Liu Lu Sian tertawa. Suara tawanya merdu sekali, akan tetapi juga penuh dengan ejekan. "Kwee-koko, kau ingatlah. Agaknya kemuraman penyair Tu Fu menularimu. Mari kita lanjutkan...."
Tiba-tiba Kwee Seng mendorong gadis itu, yang segera meloncat bermodal tenaga dorongan Kwee Seng. Pemuda itu sendiri juga sudah meloncat ke belakang dengan gerakan cepat. Sambil mengeluarkan bunyi berciutan menyambarlah lima batang senjata piauw (pisau terbang) dan menancap ke dalam batang pohon. Tidak hanya berhenti di situ saja penyerangan gelap ini karena dari tiga penjuru menyambarlah bermacam-macam senjata rahasia menghujani tubuh Kwee Seng dan Lu Sian.

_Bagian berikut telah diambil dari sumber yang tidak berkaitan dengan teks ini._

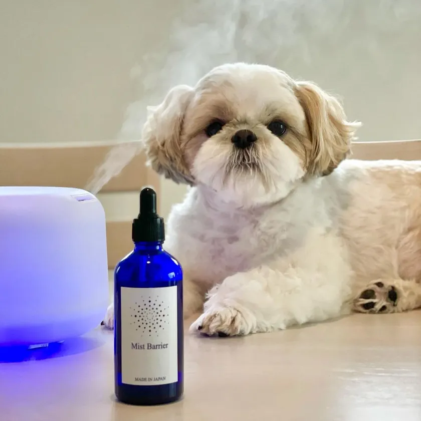 “加湿器に入れて使う空間除菌剤使ってます。Mist Barrierはナチュラル成分100%の『フルボ酸』から出来ているから、赤ちゃんが飲んでも安全なんだって!だからペットにも安心して使える!”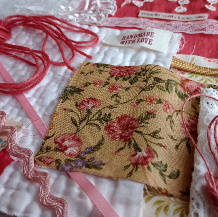 The photos are from my full-theme kits, and show examples of the fabrics and haberdashery you wil receive.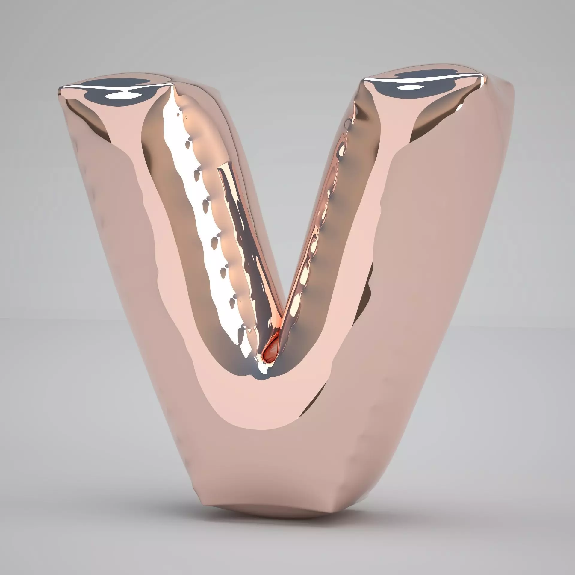 Realistic 3D Model OF Balloon V Alphabet Copper

Akan tetapi kini dua orang muda yang berilmu tinggi itu kini sudah siap sedia dan waspada, dengan mudah mereka menyelamatkan diri. Lu Sian sudah mencabut pedangnya dan dengan putaran pedangnya secara indah dan cepat, semua piauw jarum dan senjata rahasia paku beracun dapat ia pukul runtuh. Ada pun Kwee Seng sendiri hanya dengan menggerak-gerakkan kedua lengannya saja. Ujung lengan bajunya mengeluarkan angin pukulan, cukup membuat semua senjata rahasia menyeleweng dan tidak mengenai dirinya.
Tiba-tiba terdengar derap kaki kuda, dan ternyata dua ekor kuda mereka telah dilarikan orang.
"Keparat hina dina!" Lu Sian melompat, pedangnya berkelebat dan dua orang yang menunggang kuda mereka terjungkal, tak bernyawa lagi!
"Ah, Moi-moi, kenapa begitu ganas?" Kwee Seng menegur penuh sesal sambil memegangi kendali kudanya yang terkejut dan akan memberontak.
"Penjahat rendah yang telah menyerang secara pengecut, lalu hendak mencuri kuda, sudah sepatutnya dibunuh," kata Lu Sian dengan suara dingin sambil menyarungkan kembali pedangnya.
Kwee Seng membungkuk sambil memeriksa dua orang itu. Pakaian mereka tidak menunjukkan orang-orang miskin, juga rapi tidak seperti maling-maling kuda biasa. Akan tetapi, bekas tusukan pedang Lu Sian hebat sekali, mereka itu sudah mati dan tak dapat ditanya lagi.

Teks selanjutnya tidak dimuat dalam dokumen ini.